As circunstâncias extraordinárias relacionadas com o covid-19 afetam diretamente os contratos de concessão.

27/3/2020

 

Objeto

As circunstâncias extraordinárias relacionadas com o covid-19 afetam diretamente os contratos de concessão. Há uma multiplicidade de fatores que se conjugam, alguns derivados dos fatos, outros das medidas estatais adotadas para fazer frente a eles.

A amplitude assumida pela crise e a velocidade com que se alteram as condições impõem às concessionárias condutas incontornáveis. No âmbito dos contratos de concessão, a situação implica o rompimento da equação econômico-financeira e o direito à sua recomposição.

Contexto

A propagação do coronavírus Covid-19 assumiu dimensão pública sem precedentes modernos. Tal como em ocasiões anteriores, como o surto de H1N1 em 2009, a OMS - Organização Mundial da Saúde declarou seu caráter de pandemia em 11 de março de 2020.

Uma conjugação de circunstâncias possivelmente relacionadas com a doença em si, a facilidade da troca de informações e as características demográficas da população atingida tornaram-na um fenômeno de gravidade inquestionável.

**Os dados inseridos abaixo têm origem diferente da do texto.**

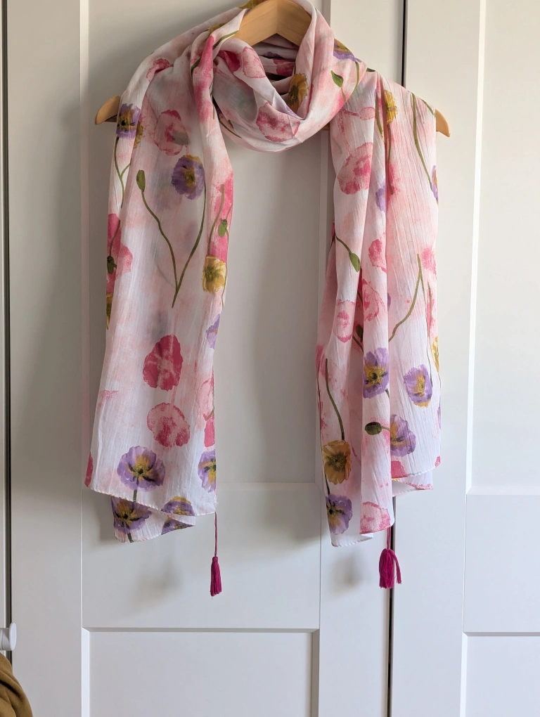 Brand new, never used 100% cotton Lightweight scarf with Pink, purple and ivory floral pattern. Features small tassels at each end. Perfect for spring and summer. πΊπ
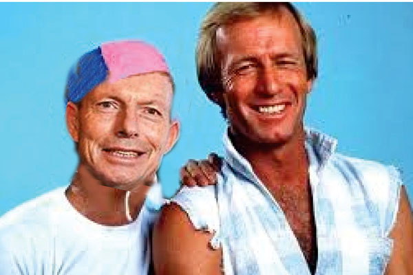 “It’s blatant plagueiarism (sic) as far as I can see,” the former Member for Warringah (pictured left, below with a friend) said: “It’s exactly the same useless, ineffective policy I concocted years ago to do fuck-all about climate change that we all knew even back then was crap and remains total crap today.”
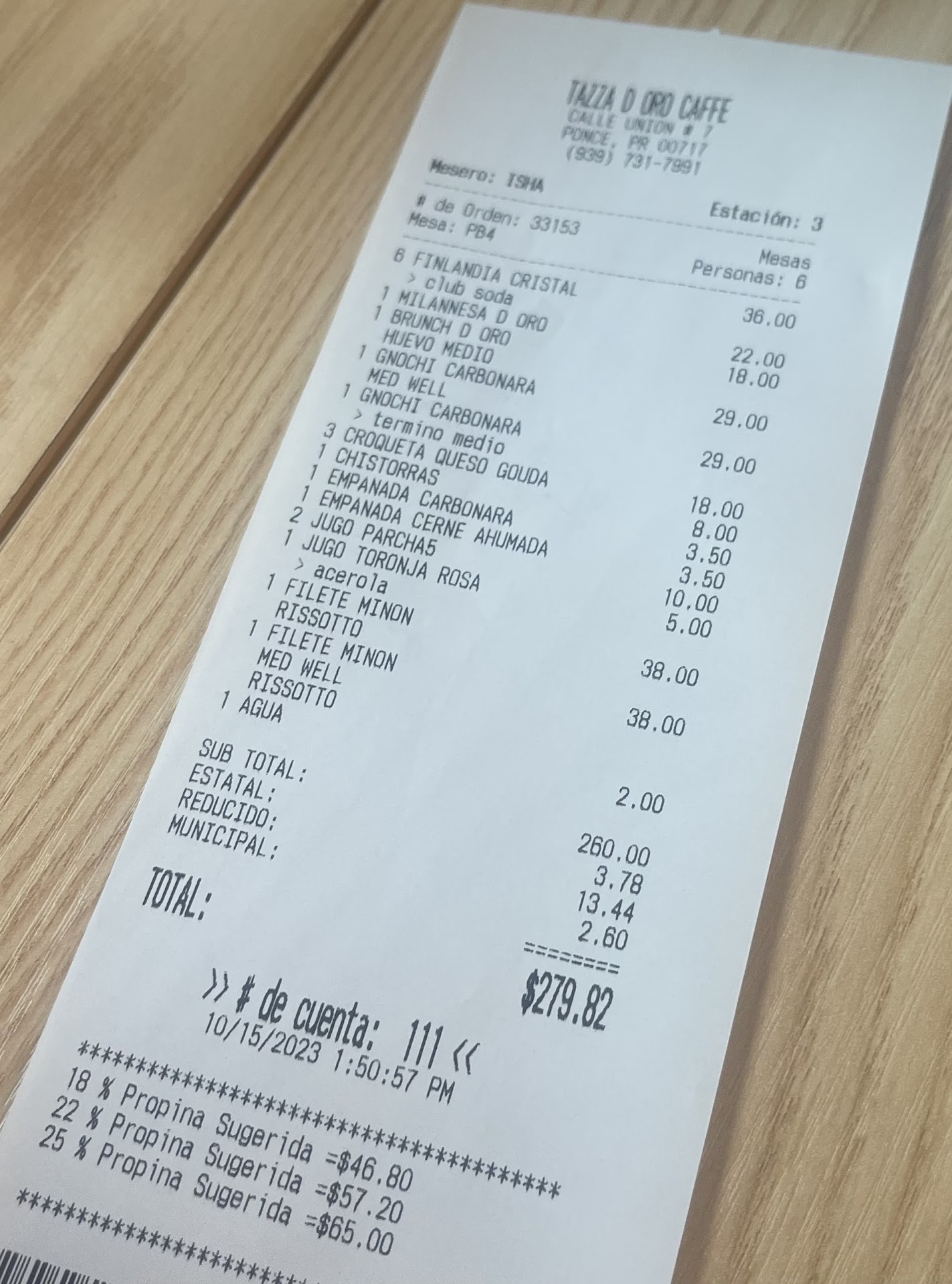 Some of our party ordered the Filet Mignon with Risotto, but the Risotto is actually ORZO pasta. When I asked the waitress as to why the menu says Risotto but they are serving Orzo she stated “We don't work with rice, therefore we don’t do Risotto. Here we do it with Orzo.” Let it be stated their menu and receipts say RISOTTO.

A percepção de insegurança em face da crise provocou reações intensas de governos em todo o mundo. No Brasil, surgiram atos estatais de várias naturezas e efeitos.

A lei 13.979, depois alterada pela MP 926 e regulamentada pelo decreto 10.282, pretendeu coordenar os esforços do Poder Público na reação à crise. Mas competências públicas vêm sendo invocadas também por estados e municípios, agências reguladoras e outros entes, de modo legítimo e proporcional ou não, para adotar medidas de contenção do contágio, de quarentena ou de garantia de estruturas mínimas de saúde.

Qualquer que seja a explicação para a origem da crise, seus efeitos atuais e futuros são reais, graves e possivelmente duradouros, resultantes de circunstâncias extraordinárias, imprevisíveis, alheias ao controle dos particulares e em grande medida vinculadas a iniciativas estatais.

Matriz contratual de risco

Cada contrato de concessão, implícita ou explicitamente, contém uma alocação de riscos. A alocação ideal (ótima) é a que atribui o risco à parte que tem melhores condições de gerenciá-lo.

Bem por isso, os riscos ligados à força maior, caso fortuito e aos chamados fato do príncipe ou fato da administração são tipicamente assumidos pelo Poder Público.

Embora a legislação sobre parcerias público-privadas (lei 11.079) aluda a possíveis ajustes contratuais distintos quanto a riscos desta natureza, geralmente se reconhece que atribuir riscos dessa natureza à concessionária implica oneração inadequada do poder concedente e, por conseguinte, da coletividade.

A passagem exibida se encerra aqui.